Para Miguel Trovoada, a decisão do Governo “foi tomada em consciência, tendo em conta uma série de parâmetros”. “Com certeza que o Governo acautelou os interesses atuais e futuros do povo são-tomense. Estou confiante”, concluiu.

O Governo são-tomense anunciou na terça-feira o corte de relações diplomáticas com Taiwan e o reconhecimento de “uma só China”. Em reação, o Governo chinês agradeceu a decisão a São Tomé e Príncipe pela decisão reconhecer a República Popular da China, aceitando Pequim como o único Governo legítimo de toda a China, enquanto Taiwan acusou o país lusófono de pedir “uma quantia astronómica em apoio financeiro” e lamentou “a decisão abrupta e hostil do Governo” de Patrice Trovoada.
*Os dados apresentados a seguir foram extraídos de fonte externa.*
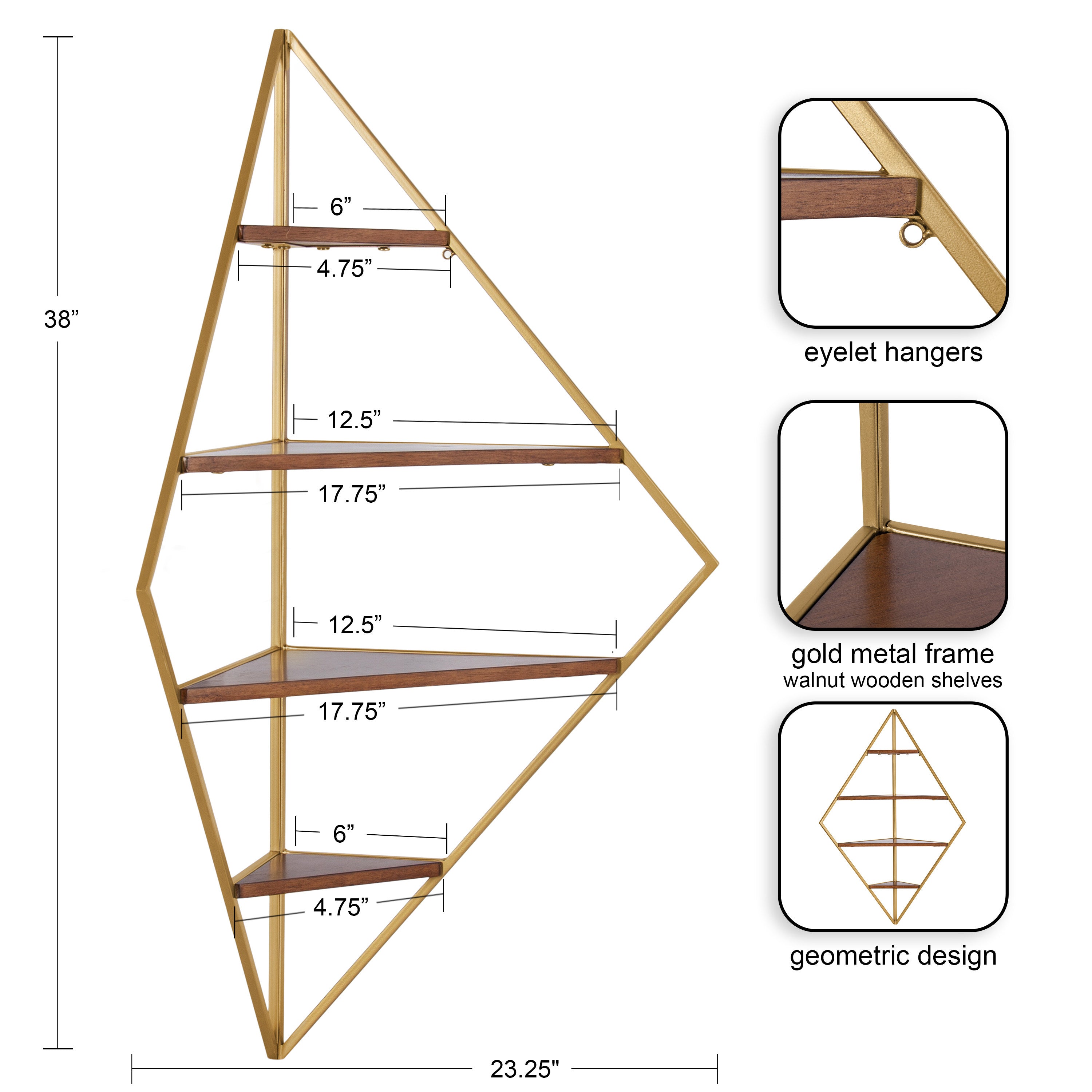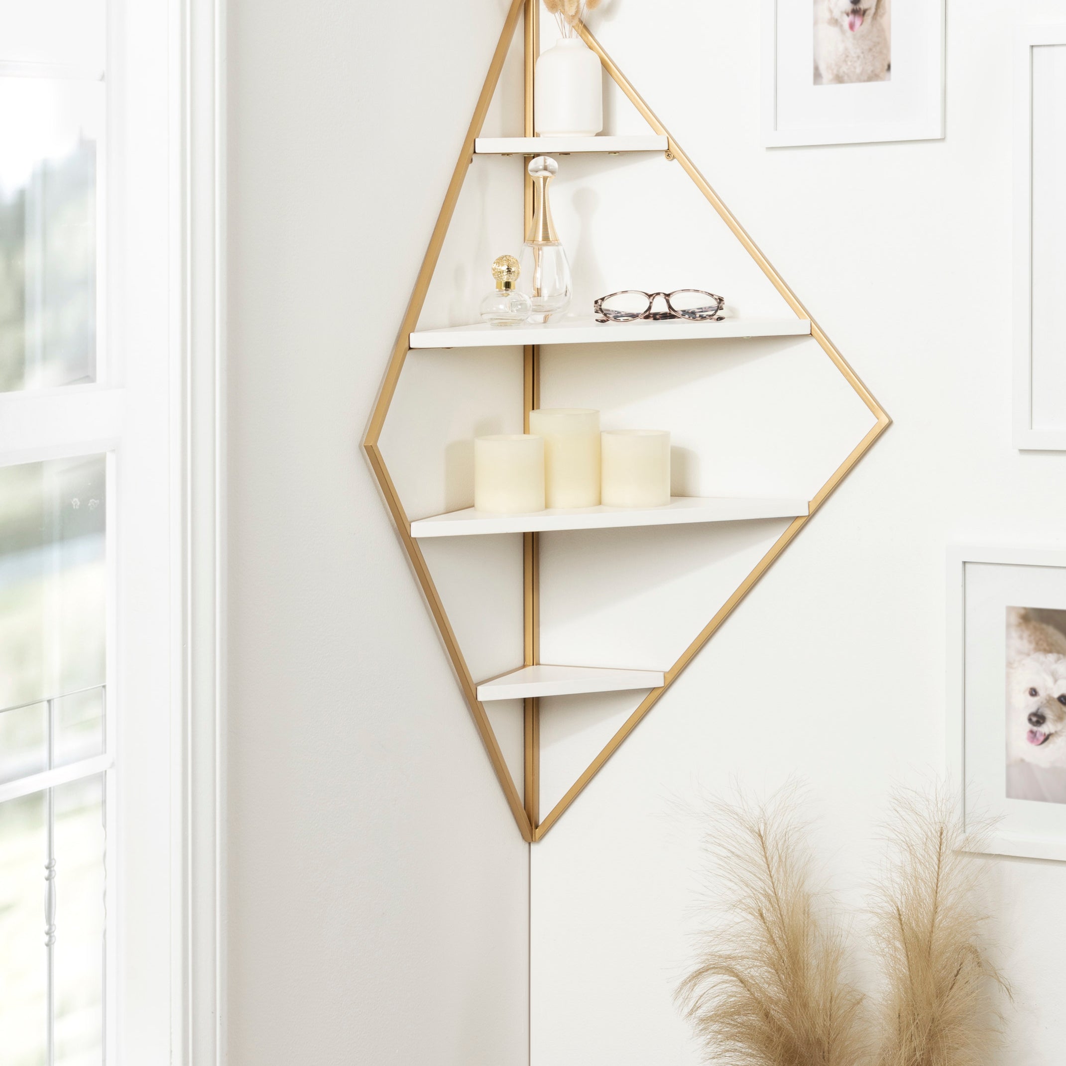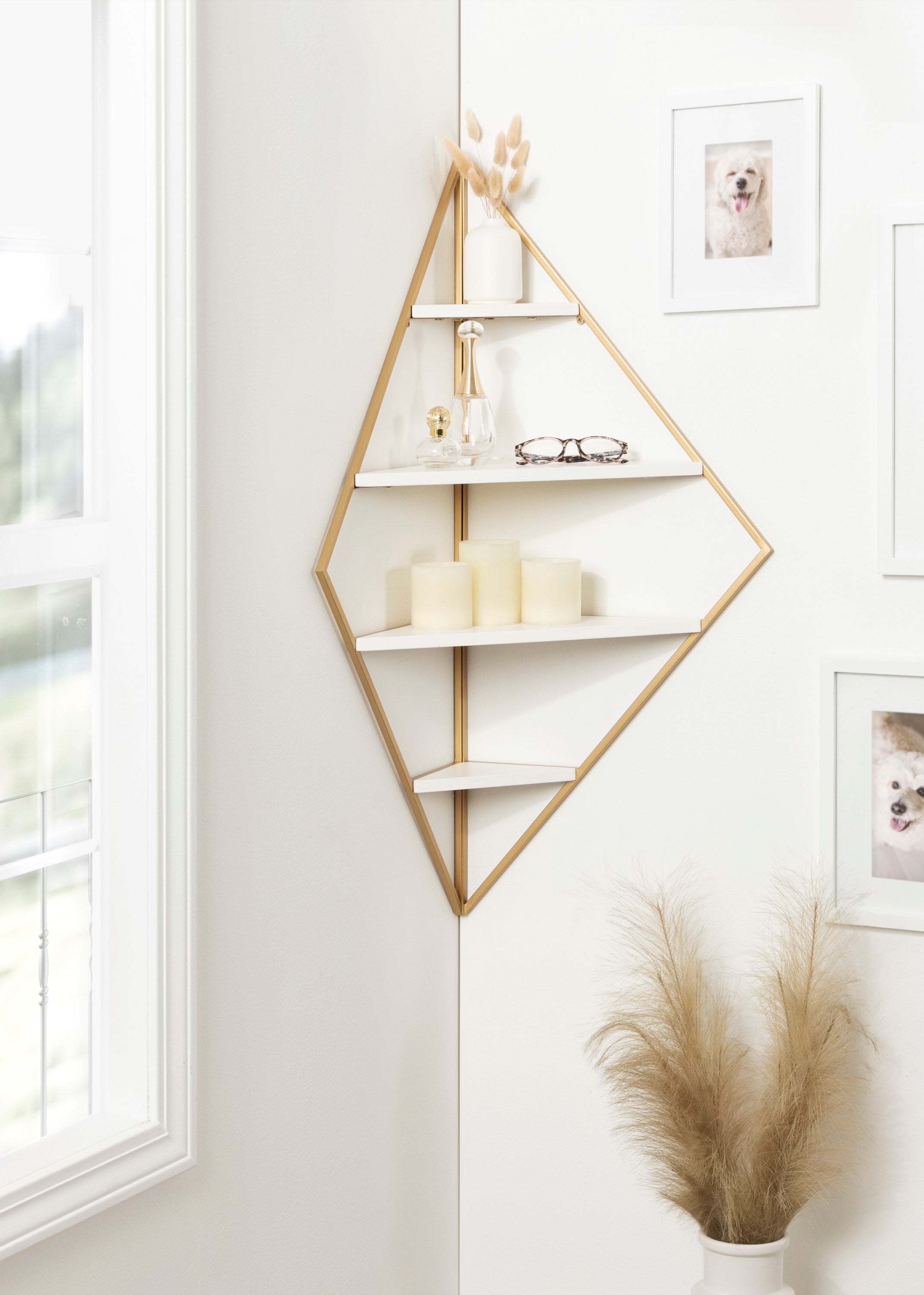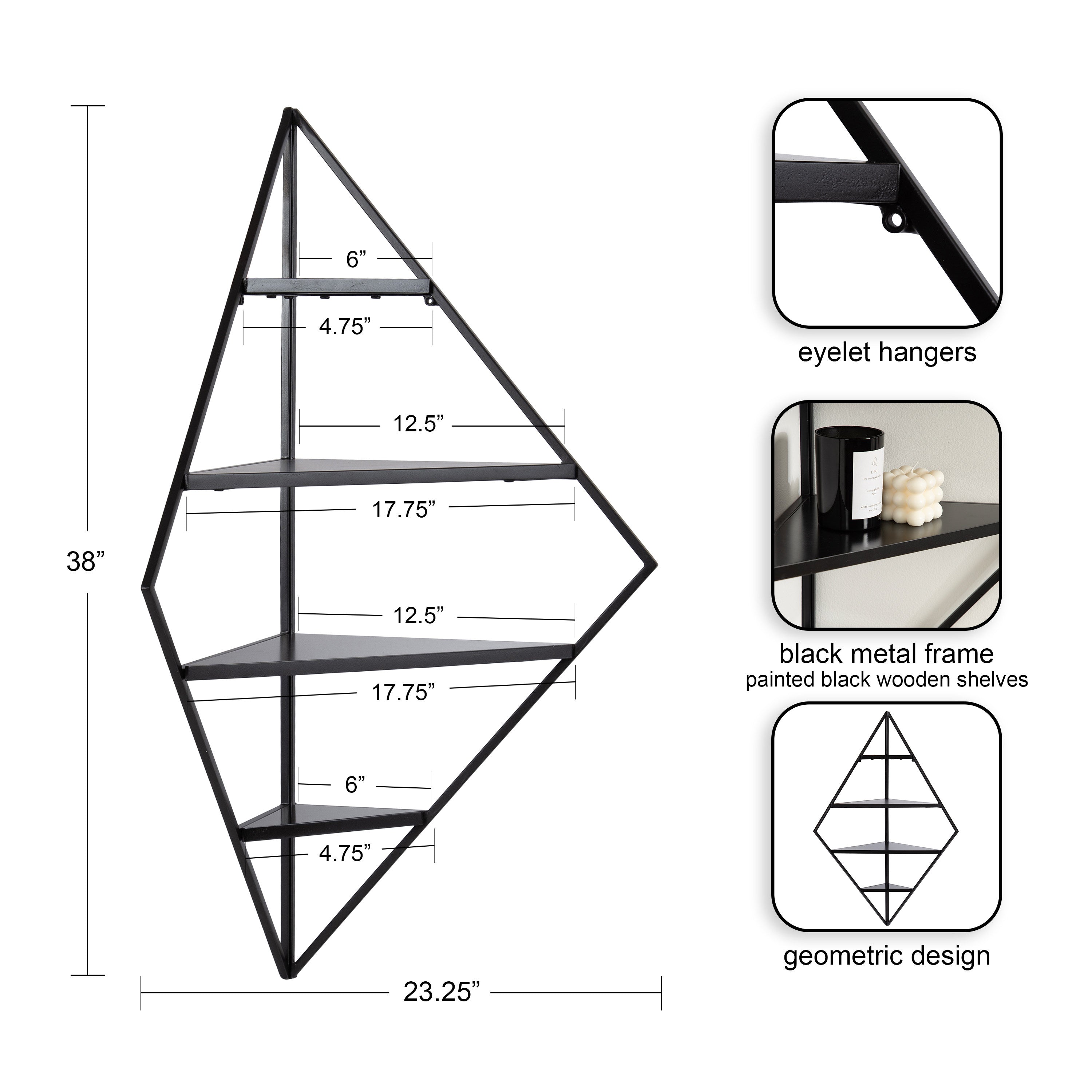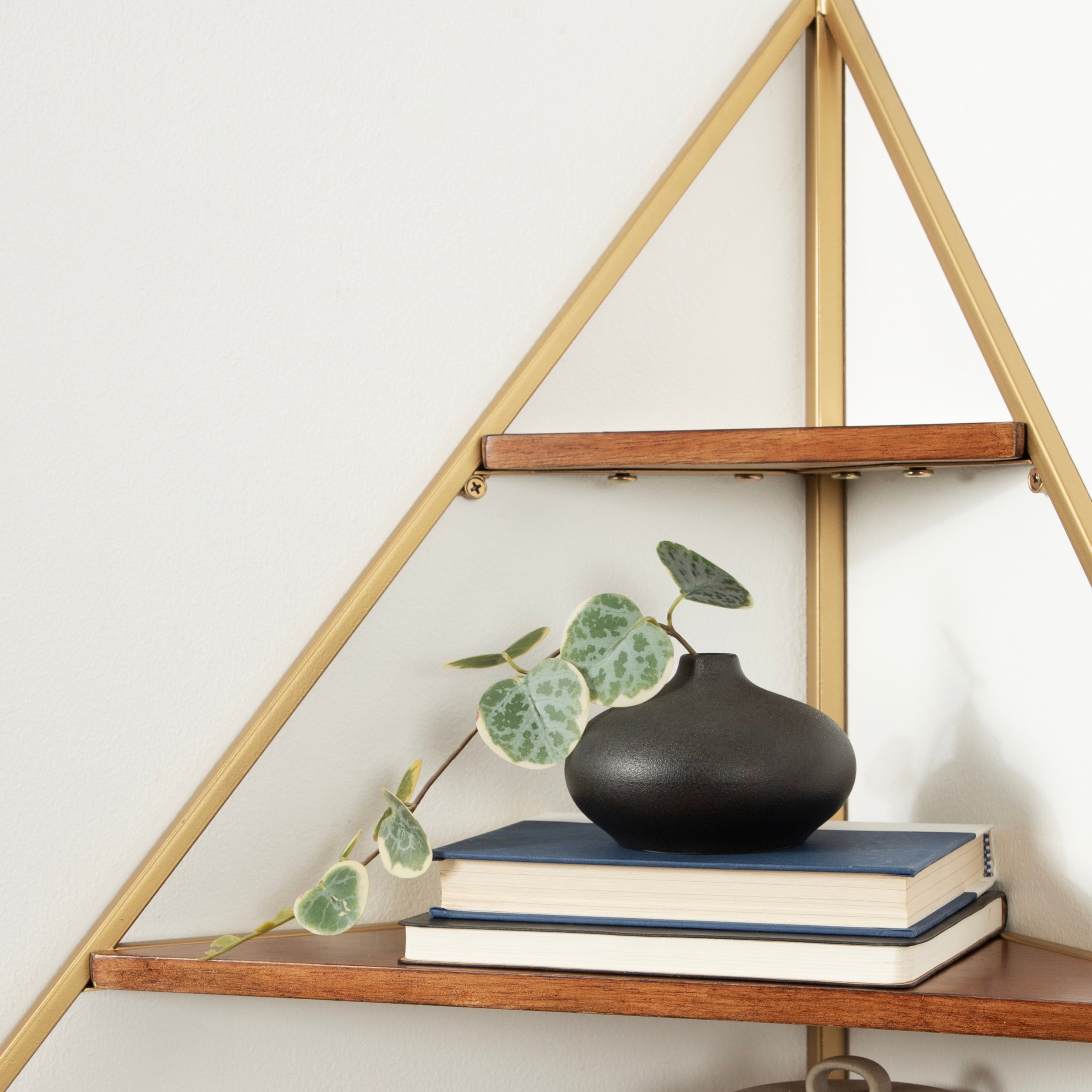 Beautiful modern design with a real artistic appeal is what makes this floating corner shelf so unique. Constructed with a sturdy metal frame and cascading wooden shelf boards, it will look great displaying a variety of decor collections including photo frames, small plants, or books. Hang it in a corner of your living room, bedroom, home office, or even your bathroom to add stylish storage to any space in your home or office. Its space-saving corner shelf design is perfect for an apartment or college dorm that needs all the storage it can get!

Pequim considera Taiwan uma província chinesa e defende a “reunificação pacífica”, mas ameaça “usar a força” caso a ilha declare independência. Já Taiwan, a ilha onde se refugiou o antigo Governo chinês depois de o Partido Comunista (PCC) tomar o poder no continente, em 1949, assume-se como República da China.

Quando São Tomé decidiu reconhecer Taiwan, a ilha era um dos quatro “tigres asiáticos”, ao lado da Coreia do Sul, Hong Kong e Singapura. Apoiada numa pujante economia, Taiwan investia muito dinheiro na expansão do seu espaço político internacional.

Entretanto, a República Popular da China tornou-se a segunda maior economia mundial, com as maiores reservas cambiais do planeta, no valor de 3,44 biliões de dólares. Desde 2000, Pequim concedeu quase 100 mil milhões de dólares (96 mil milhões de euros) em assistência financeira aos países africanos, tornando-se o principal parceiro comercial do continente.

O corte de relações com Taiwan abre a porta à entrada de São Tomé no Fórum para a Cooperação Económica e Comercial entre a China e os Países de Língua Portuguesa, conhecido como Fórum Macau, criado em 2003 por Pequim. A decisão de São Tomé reduz para 21 os Estados que mantêm laços diplomáticos com Taipé, incluindo dois em África — Suazilândia e Burkina Faso — e a Santa Sé.